Is it possible that the LIMIT
can be forwarded to avoid such issues?
Environment:
software | version |
---|---|
Comunica Engine | 2.8.2 |
node | v18.17.1 |
npm | 9.6.7 |
yarn | 1.22.19 |
Operating System | darwin (Darwin 22.5.0) |
Thanks for reporting!
This is a consequence of the federation algorithm that we use, which splits up queries at the level of triple patterns, and sends those to each SPARQL endpoint separately. The advantage is that it's very simple, and works over any type of interface (also other than SPARQL endpoints), but the downside is that it can cause performance/memory issues for complex queries or large datasets.
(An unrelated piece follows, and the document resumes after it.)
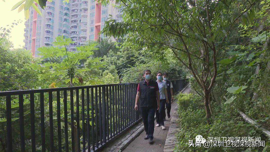 在罗湖区碧岭华庭小区北西侧边坡,社区工作站的工作人员正在和物业管理处负责人进行安全隐患排查。工作人员告诉记者,社区旁有大量山体边坡,目前已部署应急处置工作,还通过微信群的方式,建立与居民实时沟通渠道,及时发布台风相关消息。

The LIMIT keyword seem to be lost somewhere.
While passing the LIMIT
would work in this specific case, it will not in the general case.
In general, optimizations are definitely possible for this. Alternative federation algorithms (such as FedX) already exist, but require some significant implementation effort. We may implement this in the upcoming major update of Comunica (v3), but this might not be something for the very near future.
FYI, we're working on Comunica v3, which will focus on improving performance of federated querying across SPARQL endpoints. This should resolve this issue when completed.
Great, thanks for the update!
Comunica v3.x has been released, which may solve this issue. I'm closing this issue, but feel free to re-open in case the problem would still occur, in which case we can look at it more closely.